Exactly. At one end of the scale, you're not travelling through space (or practically-zero on a relativistic scale), and you're experiencing the full affects of time.
At the other end of the scale, you're travelling through space (or practically-C on a relativistic scale), and you're not experiencing time.
So the whole theory of zipping around space and coming home to find you've barely aged, is just spending more time at a higher "angle" than everyone else.
It is instantaneous from the perspective of the object’s internal clocks.
Traveling at the speed of light results in infinite time dilation. Which means that from the perspective of an outside observer, no time at all is passing inside the spaceship.
What happens to fields (magnetic, gravitational, electrostatic, etc) in that situation? E.g. can a photon 'feel' the surfaces it would ultimately interact with?
One way I like to think of this is the term 'sun-kissed'. From the perspective of the photon, the sun is actually giving you a kiss on a summer day.
'feel' the surfaces it would ultimately interact with
I would like to see the map of the universe at different potential speeds (or thrusts). E.g. you choose a point in space nearby the sun. At thrust zero you only see hot sun everywhere, because there you go anyway. But at greater thrusts the sun turns into a circle and you start to see sections of the “sky” where you could land, given the thrust is constant. Some areas would be still black because of blackholes, orbits and event horizon. I always wanted that simulation but never found it. It would be much more interesting than just looking around via reversed photons flying into your eyes.

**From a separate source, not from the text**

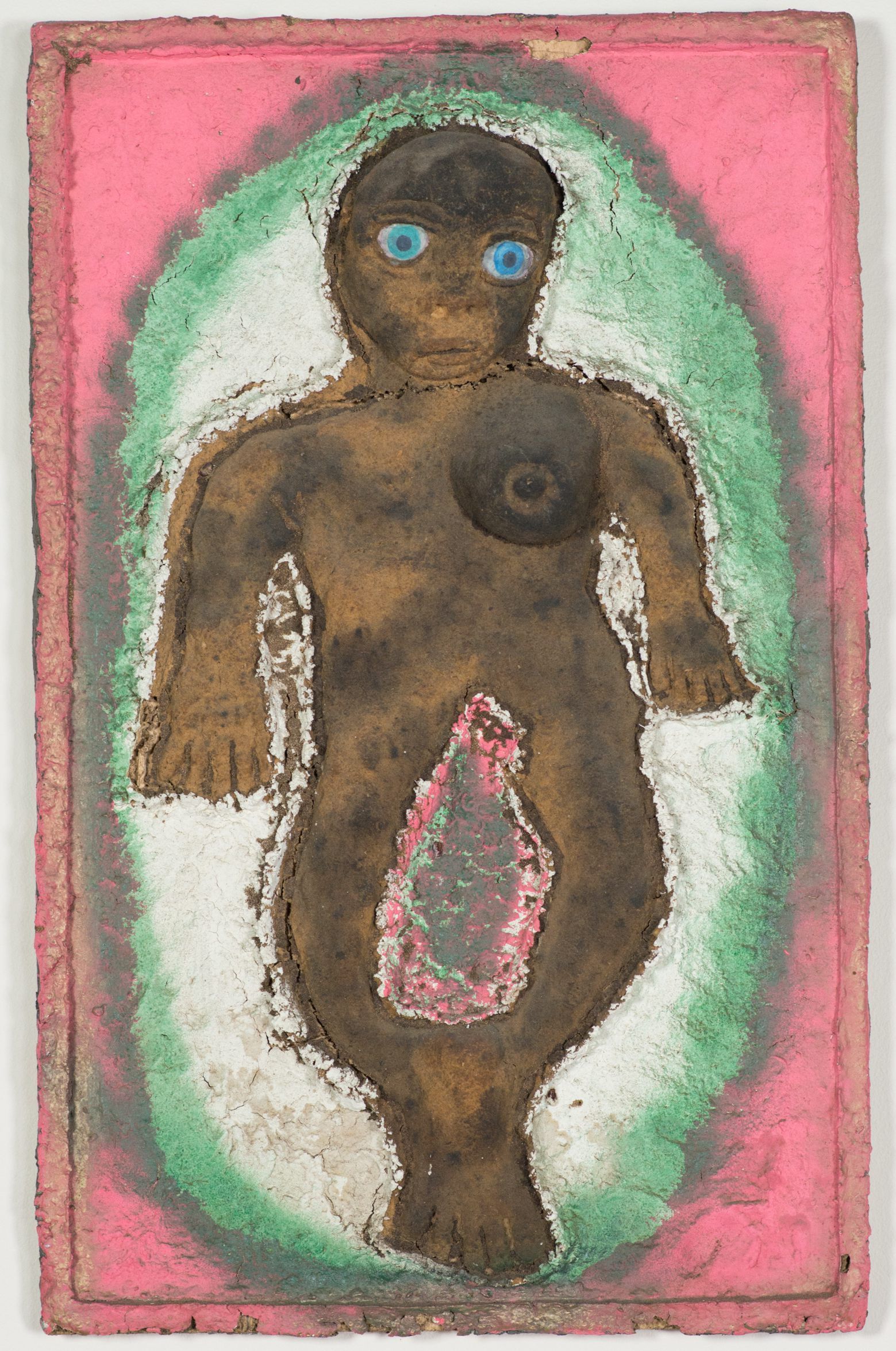 Vernacular artist, Archie Byron, creates his sculptures through a process that includes root sculpting, drawing, and painting using a mix of sawdust and glue. This mixture forms a thick paste that is then applied slowly in many layers; each layer having to dry in between. This piece portrays a nude female figure with one breast removed. She lays surrounded by a halo of white, green, and pink. Much of Byron's work is inspired by religious or political themes along with a mixture of his Native American, African American, and European heritages. Today his works are featured at Atlanta's Folk Art Park, the Smithsonian American Art Museum, and the High Museum of Art.Artwork Details

That depends on how you define 'conservation of energy'. Consider an arbitrary bounded volume of spacetime. Conservation of energy says that the net flow across the boundary of any such volume is 0. Under this definition moving in space but not time is not a violation, as the same amount of mass enters the volume as exits it. The only odity is that both events happen at the same time
The idea is that the volume we are talking about is a 4 dimensional volume of space-time and is bounded; not a three dimensional volume of space that extends to infinity along time.

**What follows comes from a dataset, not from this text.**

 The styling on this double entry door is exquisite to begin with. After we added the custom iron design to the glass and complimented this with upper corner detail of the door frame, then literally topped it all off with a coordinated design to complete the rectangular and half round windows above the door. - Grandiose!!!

Conservation of energy says that it is impossible for energy to enter this volume with that same amount of energy exiting the volume.
Consider what it would mean for this to be violated. For the sake of argument, assume that all particles must move forward in time by a non zero amount at all points along there path. Since the volume is bounded, any particle with an infinite path must eventually have a time coordinate beyond the largest time coordinated in the volume. Therefore, the particle must eventually exit the volume. If you were to work out the geometry more carefully, you could show with relative ease that the particle must exit the volume an equal number of times as it enters. If a particle were to enter the volume without exiting the volume, it would mean that said particle was destroyed within the volume. Similarly, if a particle were to exit the volume without entering, it would have to have been created within the volume. Both of these situations are possible if an interaction occurs within the volume, but the net energy of the particles leaving such an interaction, must be the same as the net energy of the particles entering the interaction.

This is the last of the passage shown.